• **RECORD EXTRACTS**:

□ □ □

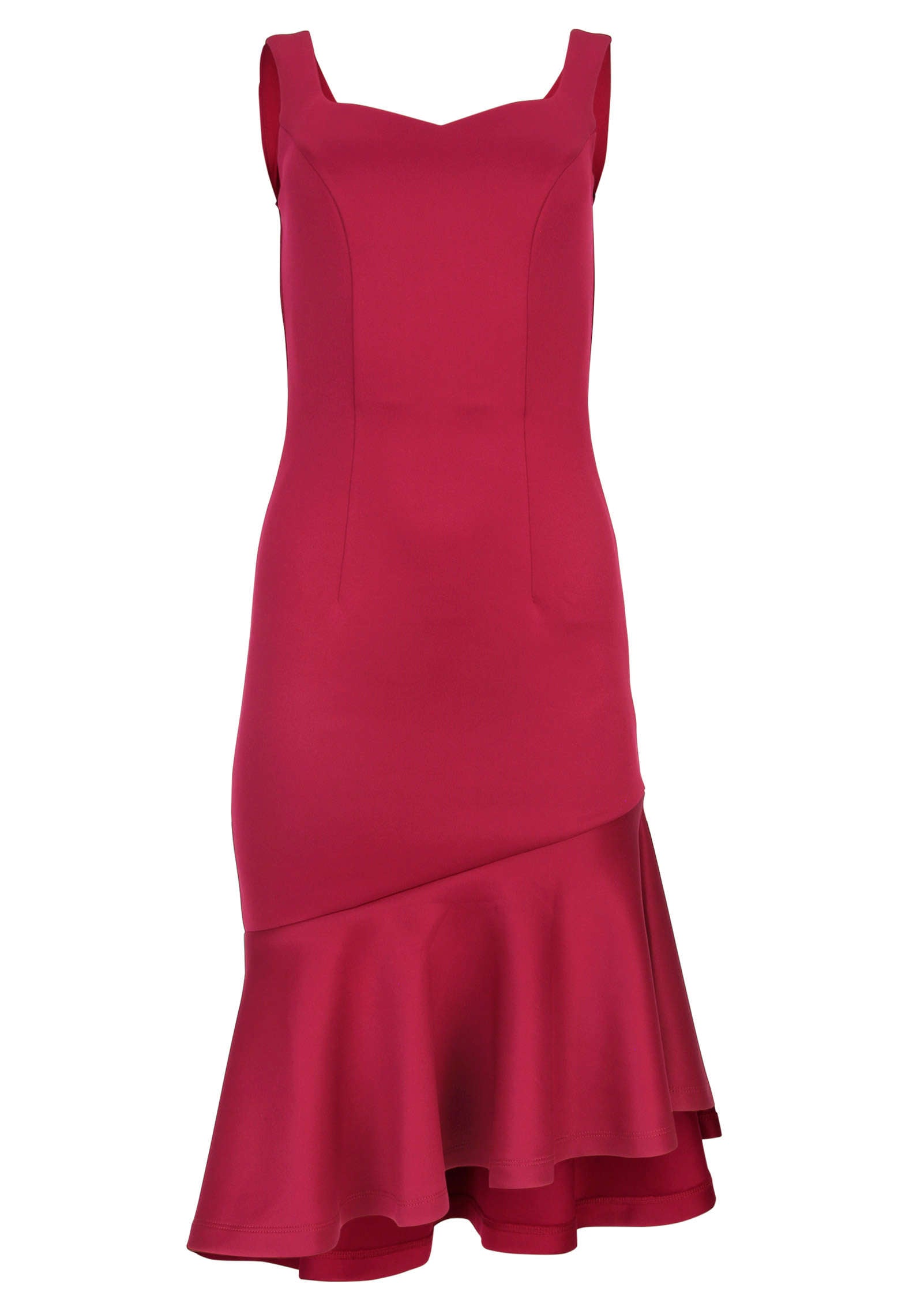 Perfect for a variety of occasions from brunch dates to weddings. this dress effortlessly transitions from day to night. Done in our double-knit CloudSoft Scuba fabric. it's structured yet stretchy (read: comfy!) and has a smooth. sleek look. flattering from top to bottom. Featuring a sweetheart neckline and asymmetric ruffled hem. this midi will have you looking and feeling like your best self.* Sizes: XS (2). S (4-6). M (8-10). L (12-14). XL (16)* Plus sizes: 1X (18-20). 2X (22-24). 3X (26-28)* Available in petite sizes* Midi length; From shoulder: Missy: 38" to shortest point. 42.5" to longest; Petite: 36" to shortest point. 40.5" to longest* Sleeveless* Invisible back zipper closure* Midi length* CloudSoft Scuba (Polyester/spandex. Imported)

□ □ □

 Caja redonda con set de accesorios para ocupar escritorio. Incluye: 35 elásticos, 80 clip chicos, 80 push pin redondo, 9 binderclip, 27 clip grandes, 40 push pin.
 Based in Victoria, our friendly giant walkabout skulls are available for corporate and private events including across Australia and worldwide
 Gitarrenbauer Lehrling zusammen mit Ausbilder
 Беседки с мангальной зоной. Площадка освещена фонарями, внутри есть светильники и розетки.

□ □ □

As the answer, set down only the lines from the data above between the one holding "Gitarrenbauer Lehrling zusammen" and the one holding "Беседки с мангальной", inclusive, exactly as they read.

 Gitarrenbauer Lehrling zusammen mit Ausbilder
 Беседки с мангальной зоной. Площадка освещена фонарями, внутри есть светильники и розетки.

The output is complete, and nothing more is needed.